Ep 91: Washout

What’s Going On Here?

Global healthcare and consumer products giant Johnson & Johnson (J&J) Suda-fed investors with fourth-quarter sales that fell short of expectations.

What Does This Mean?

  • J&J’s global sales across 2019 ended essentially flat on the year before.
    • While pharmaceuticals revenue climbed almost 4%, this was largely offset by a similar decline in medical device sales.
    • Even J&J’s large consumer business (Neutrogena beauty products and Tylenol painkillers) couldn’t save the day: sales of those products barely budged last year compared to 2018.
  • The company seems more optimistic about this year, telling investors it expects 4-5% sales growth in 2020,
    • despite the increasing threat posed by generic unbranded drugs to its pharmaceutical business, which represents half of total revenue.
    • But there’s another catch: that sales growth depends on J&J’s current legal headaches getting resolved favorably.

Why Should I Care?

For you personally: Defensive pass interference.
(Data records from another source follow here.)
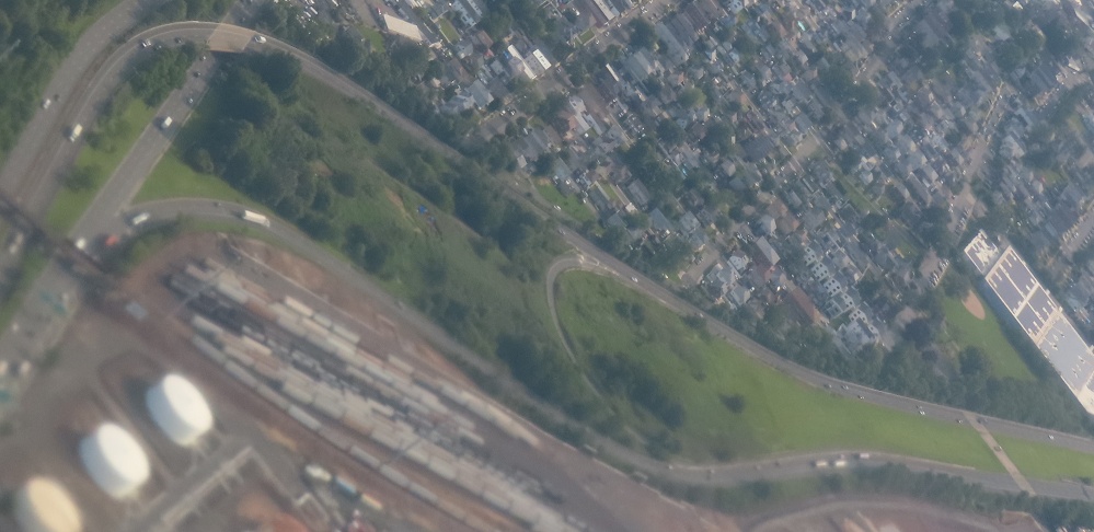 The wide median at US 1-9, where the freeway was intended to continue straight westward, and then an aerial view that shows the whole missing freeway from east to west. I-278 was intended to have a mainline freeway continuing through the middle of I-95 and NJ 439, with the outer roadways then functioning as a C-D system to US 1-9. You can see the Park Ave. bridge halfway along.
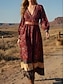 Femmes Robe Midi Robe bohème Robe occidentale Mode Moderne Extérieur Fête Sortir Coupe régulière Uni manche longue Col en V Bordeaux Été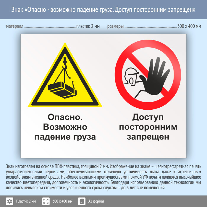 Знак «Опасно - возможно падение груза. Доступ посторонним запрещен», КЗ-33 (пластик, 400х300 мм) в Альметьевске купить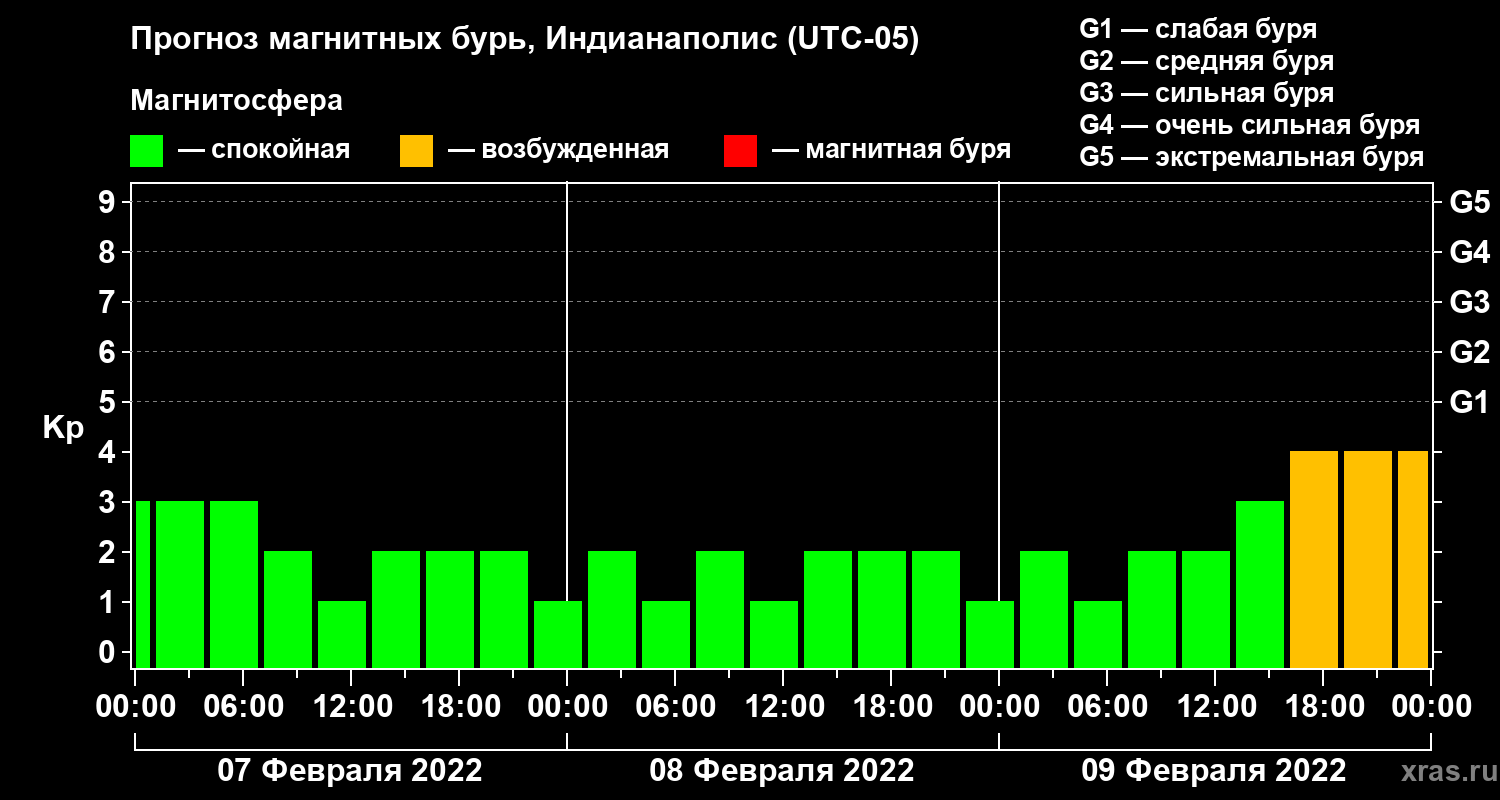 Прогноз магнитных бурь в Индианаполисе — 7 февраля 2022 года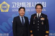 내고향뉴스 김익성 기자 | 고양특례시의회 김운남 의장은 9일, 강기택 일산서부경찰서장과 면담을 갖고 대화동 킨텍스 지원부지 인근 원형육교 주변 보행환경 개선 방안에 대해 의견을 나눴다. 이날 면담에서는 원형육교 인근 보행 동선과 관련해 주민 불편이 제기되고 있는 상황을 공유하고, 교통 안전과 보행 편의성을 함께 고려한 개선 방안에 대해 논의가 이뤄졌다. 특히 킨텍스 일대 주거 인구 증가와 GTX 킨텍스역 개통 이후 증가한 보행 수요를 반영해, 시민 보행 안전을 높일 수 있는 현실적인 개선 방안을 중심으로 논의가 이어졌다. 원형육교는 지난 2005년 녹지축 연결을 목적으로 설치돼 공원 간 보행 기능을 수행해 왔으나, 최근 킨텍스 지구 개발과 대규모 공동주택 단지 조성 등으로 주변 환경이 변화하면서 보행 동선과의 적합성에 대한 다양한 의견이 제기되고 있다. 김운남 의장은 “도시 환경과 교통 여건이 변화하는 만큼, 시민의 보행 안전과 이동 편의성을 종합적으로 고려한 검토가 필요하다”며 “관계기관과의 지속적인 소통을 통해 주민 불편을 최소화할 수 있는 방안을 함께 모색해 나가겠다”고 말했다. 강기택 일산서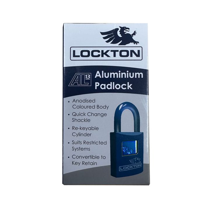 The LOCKTON Art. 500-AL/40-BL-KD-ENGR 40mm Keyed to Differ Padlock.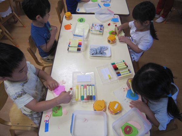 幼稚園でかたつむりを見つけたお友達もいました☆彡かたつむり製作で、完成したかたつむりをお散歩させて楽しく活動しました!マーカーを使って上手に描くことができました♡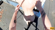 Малышка с шикарной попкой вытащила парня на крышу ради оргазма в необычном месте. Она заглатывала его член, стонала и тёрла киску, кайфуя от минета. Крошка раздвинула ноги, кричала и извивалась, пока он долбил её вагину. Она бурно кончила и приняла сперму на трусики. Телочка легла, хмыкнув, довольная экстремальным сексом.

  • Investors are attracted to the “defensive” qualities of companies like J&J:
    • even if the economy heads south, sales of their essential products should stay resilient.
    • But J&J is facing thousands of lawsuits covering everything from potentially carcinogenic talcum powder to potentially carcinogenic Tylenol

Zooming out: Abbott and beyond.

  • While J&J’s share price fell, healthcare investors did have one reason to rejoice: fellow US pharmaceutical and medical device giant Abbott Labs saw its stock rise after reporting quarterly sales ahead of investors’ expectations, and forecast continuing momentum this year.
  • Investors also liked the sound of that Abbott increased its dividend last month by 12.5%, marking the 48th consecutive year of dividend growth.